Paradoxes

Sunday, February 3, 2008

What is it

A paradox is a persuasive argument that something, which we judge must be false, is true. Zeno's Paradox, for example, is a convincing argument that it's impossible to move. Paradoxes are valuable in philosophy because they help us become aware of forms of argument that are deceptively convincing yet logically fallacious. John and Ken are joined by Roy Sorensen from Dartmouth College, author of A Brief History of the Paradox, to consider what we can learn from paradoxes.

Listening Notes

What is a paradox? People use the word 'paradox' in many ways, for example to denote something very surprising. But these aren't genuine "philosophical" paradoxes. In a genuine paradox, one starts with seemingly true premises, performs reasoning thought to generate true conclusions from true premises, and ultimately derives a conclusion that's apparently false. Here are four paradoxes:

1. Consider the statement 'This statement is false.' If it's true, then it's false. But if it's false, then it's true. So which is it? True? False? Both? Neither?
2. To pass the finish line, a racer must first get halfway there. But to get halfway there, she must first get a quarter of the way. Yet to get a quarter of the way she must get an eighth of the way. And so on, ad infinitum. But then, to pass the finish line, a racer must complete infinitely many tasks. And this seems impossible, for no matter how fast she is, she can only do finitely many things in her limited lifespan. So it would seem that the racer can never pass the finish line! But clearly she does. What gives?
3. One million grains of sand is, of course, a heap of sand. And, intuitively, what remains after removing a single grain from a heap of sand is itself a heap. But then, contrary to intuition, a single grain of sand is a heap! Where does this reasoning falter? Is it false that a million grains of sand constitutes a heap? If so, how many grains does it take to make a heap? Or does removing a grain from a heap not always produce another heap? If so, what is the smallest heap---that is, the heap such that removing one grain produces a non-heap?
4.   Let RED be the set of all red things. Presumably, RED is not itself red (since sets, one assumes, are colorless). So RED is not a member of itself. Let BLUE be the set of all blue things. Again, BLUE is presumably not blue, and so BLUE is not in BLUE. More generally, for every quality x, let X be the set of all things that exhibit x. Now consider the set S which contains RED, BLUE, and all sets X that are not members of themselves. Is S in S, or not? If it is, then S is not a member of itself. If it's not, then S is a member of itself. Both results are absurd! But the foregoing reasoning seemed perfectly clear and valid. What does this tell us about our methods of argument and our notions of quality, set, and so on?
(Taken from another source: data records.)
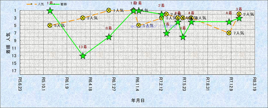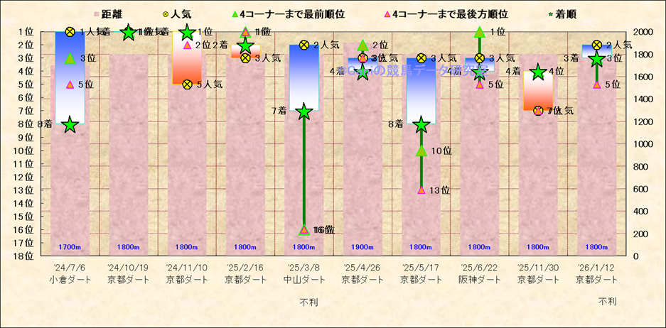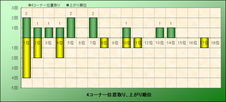 脚質解析 近20レースの4コーナーでの位置取りと上がり順位(頭数補正後) |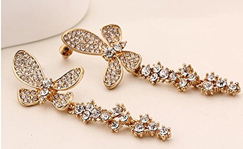Earrings for Women and Girls | White Stone Crystal Dangler | Silver Tone Earring | Butterfly Shaped Long Danglers Earrings Combo | Birthday Gift for girls & women Anniversary Gift for Wife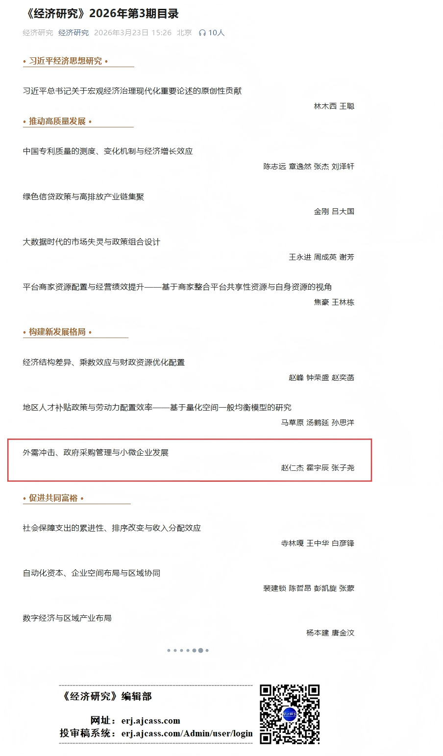 近日,我院经济学系赵仁杰教授与学院博士研究生霍宇辰合作的论文《外需冲击、政府采购管理与小微企业发展》在顶级期刊《经济研究》2026年第3期发表,该文是赵仁杰老师主持的国家自然科学基金面上项目、陕西高校青年创新团队项目的阶段性成果。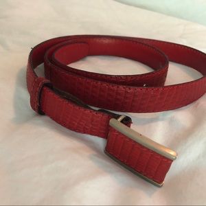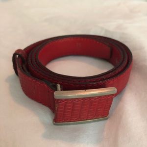 Amazing red leather Bottega Venenta Belt! Great to spice up and add color to many outfits. Some discoloration along the belt and two small cracks. (please see all photos).

With guest Roy Sorensen of Dartmouth College, John and Ken discuss these paradoxes and others. Are they irresolvable, or do they disappear once one thinks about them deeply enough? And either way, do they have theoretical or practical significance, or are they just plain mind-blowing fun?

  • Roving Philosophical Report (seek to 5:55): Zoe Corneli interviews Palo Mancuso of UC Berkeley about the history of Russell's paradox, sketched in (4) above. The story revolves around Gottlob Frege, an unpopular and ambitious German mathematician who in the late nineteenth century tried to reduce all of mathematics to logic, and Bertrand Russell, a young and aristocratic English philosopher who discovered a fatal flaw in Frege's attempted reduction.
  • 60-Second Philosopher (seek to 49:35): In this peek at the "paradox philosophy" of Joe Hunt, Ian Scholls shows just how distorted popular notions of paradox can get. Hunt, once the ringleader of a famous Ponzi scheme called the Billionaire Boys Club and now serving a life sentence for murder, held that what something is depends on how you look at it, and that nothing is real except what you want. After "accidentally" killing a con artist who allegedly swindled millions from the Club, Hunt even went so far as to deny that the man was dead! Paradoxical? You decide.